EDHEC leaders are not naive about the pace of AI development and the limitations of business schools managing it. The same technologies that help students build assistants, personalize learning, and executives map their companies’ use cases also raise unanswered questions about accountability, bias, regulation, and human agency.
One of the clearest examples is agent AI, which can operate with increased levels of autonomy. In business, these tools will soon be able to manage workflows, process customer information, perform analytics, communicate with other systems, and make recommendations that impact real people.
“How do you audit the behavior of these agent AI workflows?” Syst says. “Where is the accountability? Who is in charge?”

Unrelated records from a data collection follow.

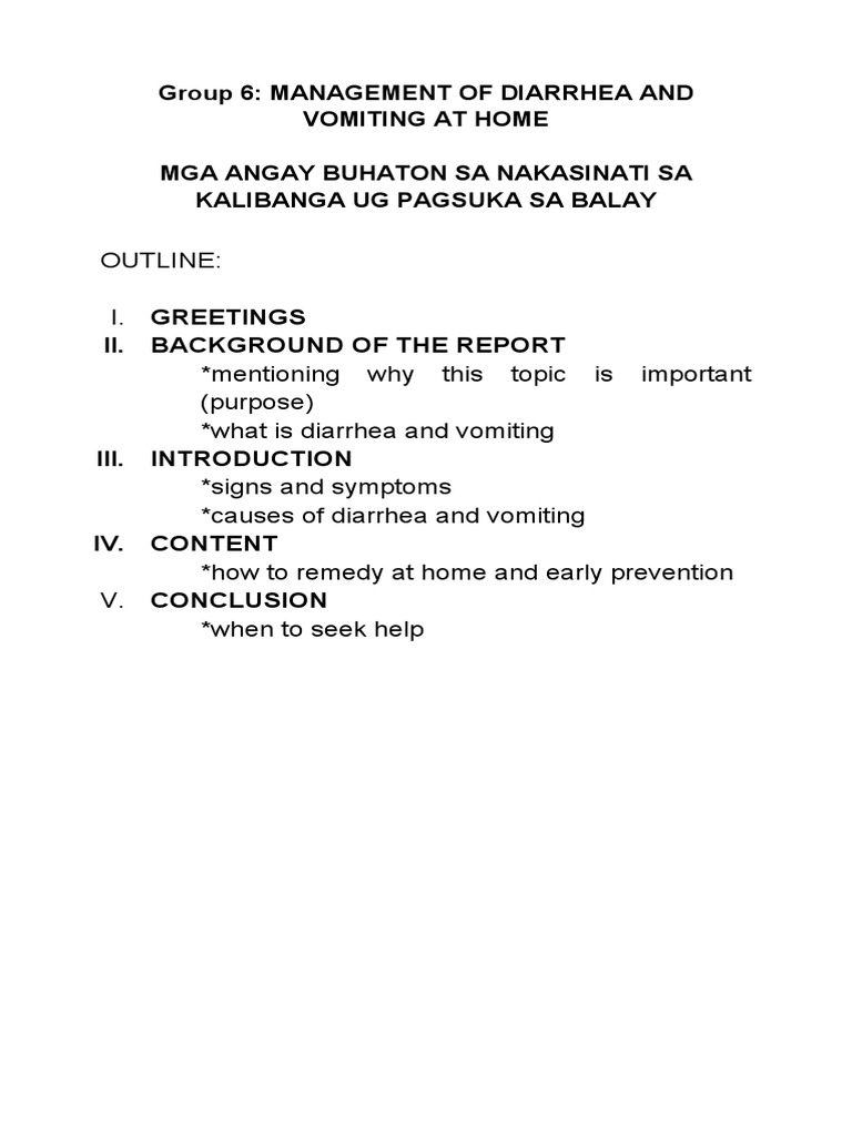 DRAFT - Group 6 - Management of Diarrhea and Vomiting at Home | PDF
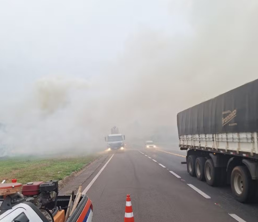 De acordo com a Coordenadoria de Proteção e Defesa Civil, a ocorrência foi registrada por volta das 17h na altura do km 408, próximo ao trevo de acesso à Vila Escócia.
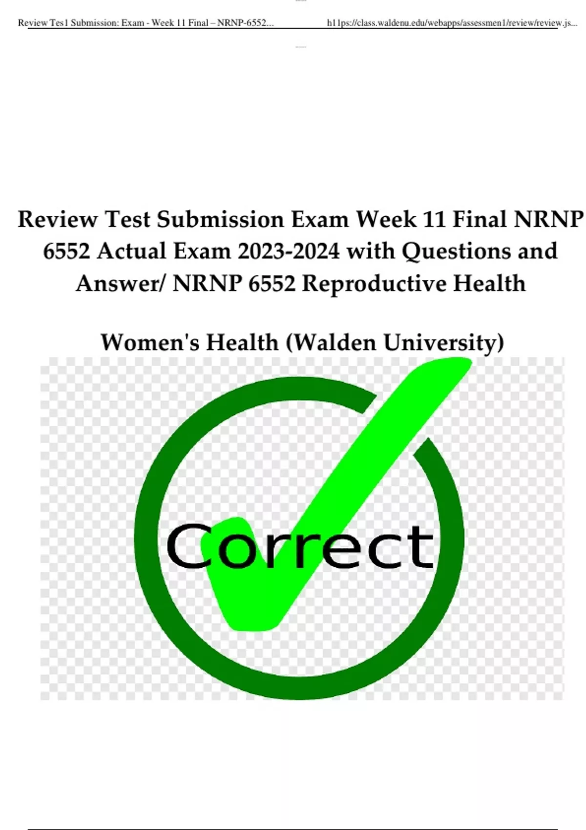 Week 11 Final NRNP 6552 Actual Exam with Questions and Answer/ NRNP 6552 Reproductive Healt
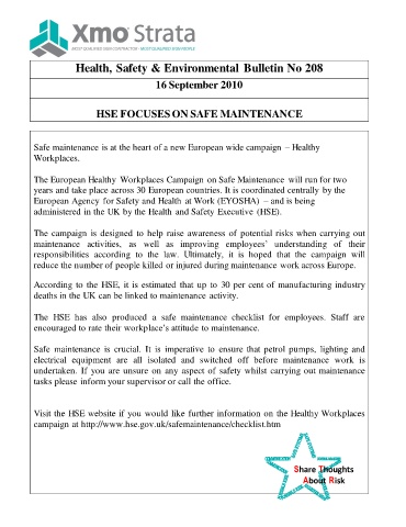 Health, Safety & Environmental Bulletin No 208

Questions like these are too big for one school to answer alone, which is why EDHEC’s AI Center has made outreach and partnerships one of its three pillars. is a founding member of Responsible AI Consortiumas well as Lewis Business School in Rome, Imperial College Business School in London, and QS.
We are also members of the Digital Education Council, a global network promoting sustainable innovation and AI adoption in education and workforce development, and of the FOME Alliance, a partnership with Imperial, John’s Hopkins, LUISS, ESMT, Vlerick and others to explore the use of generated AI by students.
“We recognize that this is a systemic and widespread social and institutional challenge,” she says. “It’s not a problem that we can solve individually.”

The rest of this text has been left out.